Anarchy, According To “The Purge”

A trailer for the sequel to last year’s low-budget dystopian thriller, “The Purge,” was released on Thursday,  February 13, to fanfare about as modest as for the first film.

If this trailer is any indication, the plot for “The Purge 2: Anarchy” looks almost note-for-note the same as its predecessor.

The setting for both films is a future America, Norman-Rockwell-idyllic in almost every way: Poverty  cured, crime abolished. Government is big and invasive, but one really gets the sense that people care … except for one night a year, when all laws go unenforced and emergency services shut down. All crime is legal. Everyone can do whatever they want.

This 12-hour period is called “the Purge.” In the first film it was the setting for a rather bland and kind of problematic home invasion flick. Upper-class white protagonists, somewhat lower-class white antagonists, and  a black man on the run from the antagonists serving as maguffin.

The second movie seems to set up a similar dynamic: Nice white couple on a little drive (an hour before the Purge is scheduled to begin) find themselves stranded in The Bad Part Of Town when their car breaks down on the freeway. They’ll have to pit their wits against chaos and survive until sunrise against evil (probably Hispanic, were I to venture a guess) people on dirt bikes in this, the ultimate neoliberal argument against anarchism.

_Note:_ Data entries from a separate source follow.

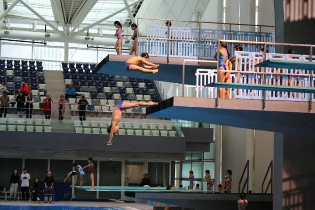跳水:跳台上,小将们褪去稚气、眼神坚定,重复着助跑、起跳、翻转、入水的每一个动作,从1米板的稳健试水,到3米板的从容腾空,再到5米台的勇敢挑战,在水花飞溅间突破自我,只为在市运赛场绽放最耀眼的光芒。
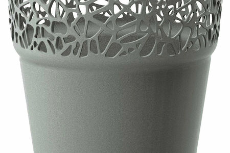 Кашпо Naturo представляет собой пластиковую емкость, используемую для посадки комнатных растений и цветов. Изделие из пластика выполнено в сером цвете. Верхняя часть кашпо дополнена оригинальным узором. Изделие имеет высокодекоративный внешний вид. Такое кашпо поможет озеленить офисное или жилое пространство, создать теплую, уютную атмосферу. Материал изготовления не боится механических повреждений, не бьется в случае падения.
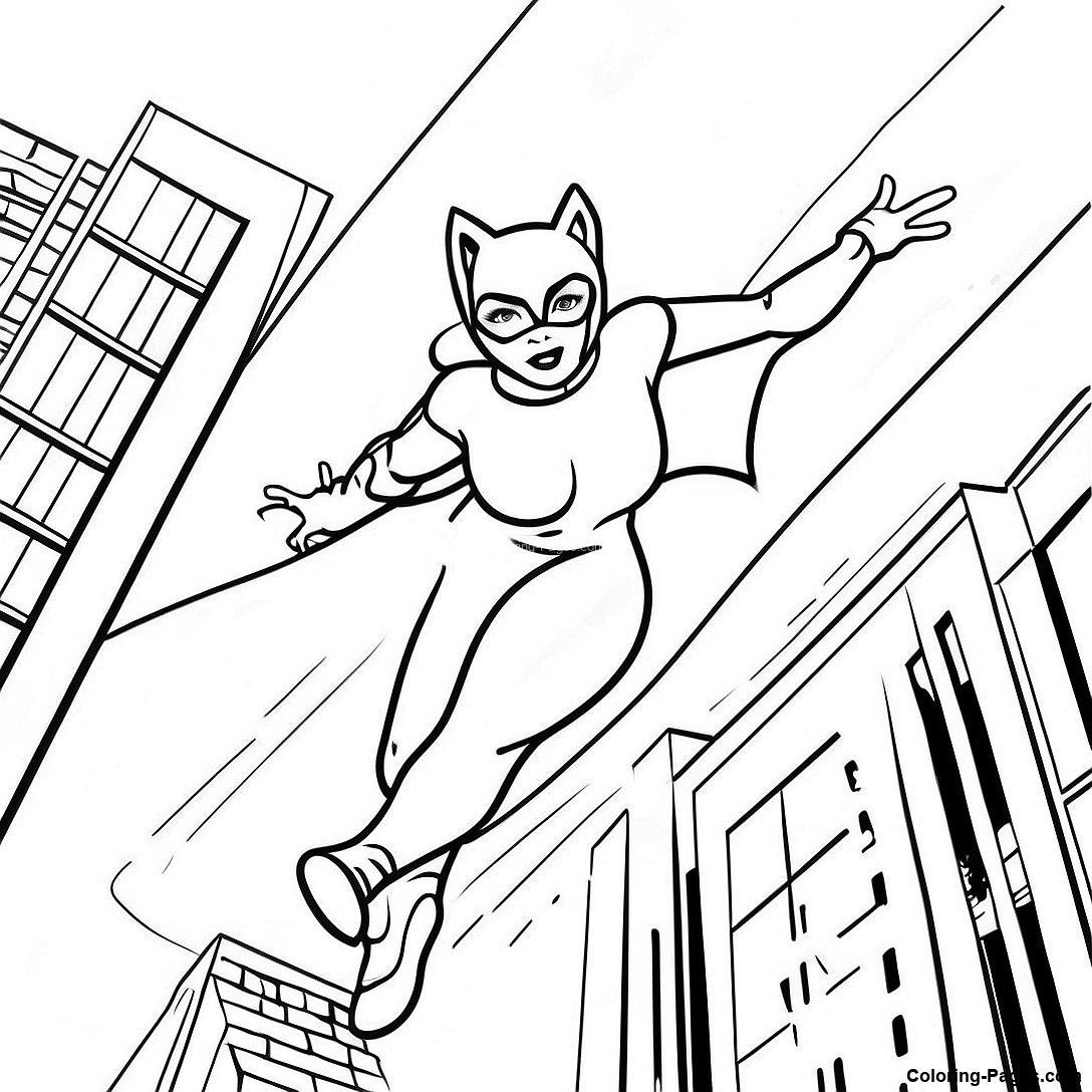 Download Printable PDF of Catwoman Jumping From A Building Coloring Page
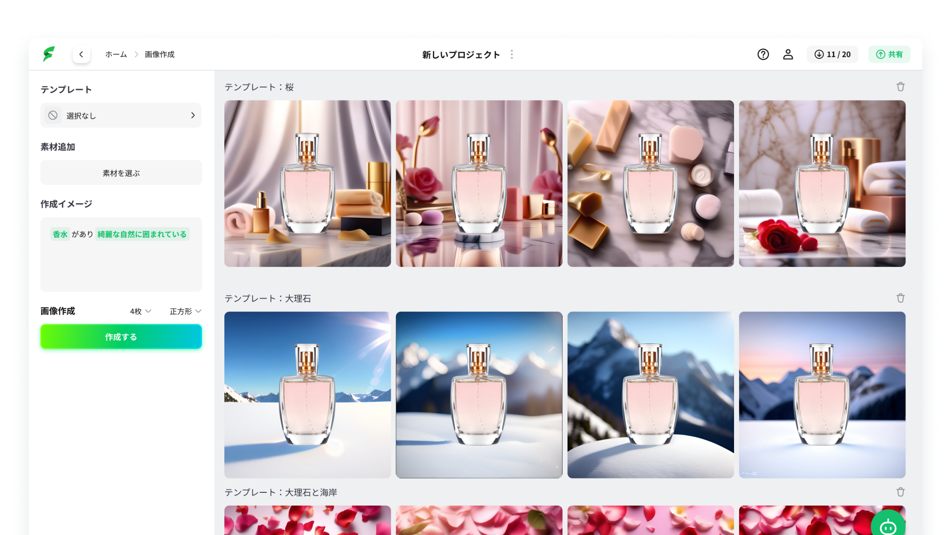 キャンペーンやシーズンごとで撮影が必要になるサイト内や広告の商品写真の作成を、生成AIの技術を用いて自動生成できる点が特徴です。商品の画像をアップロードし、作成したい商品のイメージを文字で入力もしくはテンプレートを選択するだけで、クリエイティブな商品写真を短時間で作成することが可能です。また、花や果物、土台や手など、素材を自由に配置し、思い通りの構図で商品写真を作成することも可能です。

We live in the age of progressive co-option of radical politics. Occupy Wall Street, whatever else one might say about it, was initially a space for anti-authoritarians to emulate protests around the world: The Day of Rage, Tunisia, Egypt’s Tahrir Square. It became more of a networking and platform space for liberals like Michael Moore as time went on, but despite that, it still arguably influenced the public dialogue.

“The Purge: Anarchy” is the latest in a fairly new line of movies aimed at chastising liberals who marched and participated in Occupy alongside anarchists. It’s meant to reinforce the cultural narrative that anarchism is synonymous with chaos, and that those who dare call themselves anarchists want to assassinate people and throw bombs at mailboxes.

The movie will ignore entirely the reams of data sociologists have collected over the years, not to mention the example set by Occupy, suggesting that a stateless society, or even just a stateless pocket within society, will not devolve into chaos. A recent study performed by  Auckland University of Technology and Otago University in New Zealand discovered that when playground rules were abolished and children left essentially unsupervised during lunch and recess, chaos did not ensue. Surely grown adults can be trusted to behave as well as young children in a situation of statelessness?

This ignorance is deliberate. The message: The state’s existence is not only necessary for certain functions, it’s vital for your survival. Does it matter that what “The Purge” depicts bears no resemblance to anarchism? No. All that matters is that moviegoers are scared enough for two hours into believing it.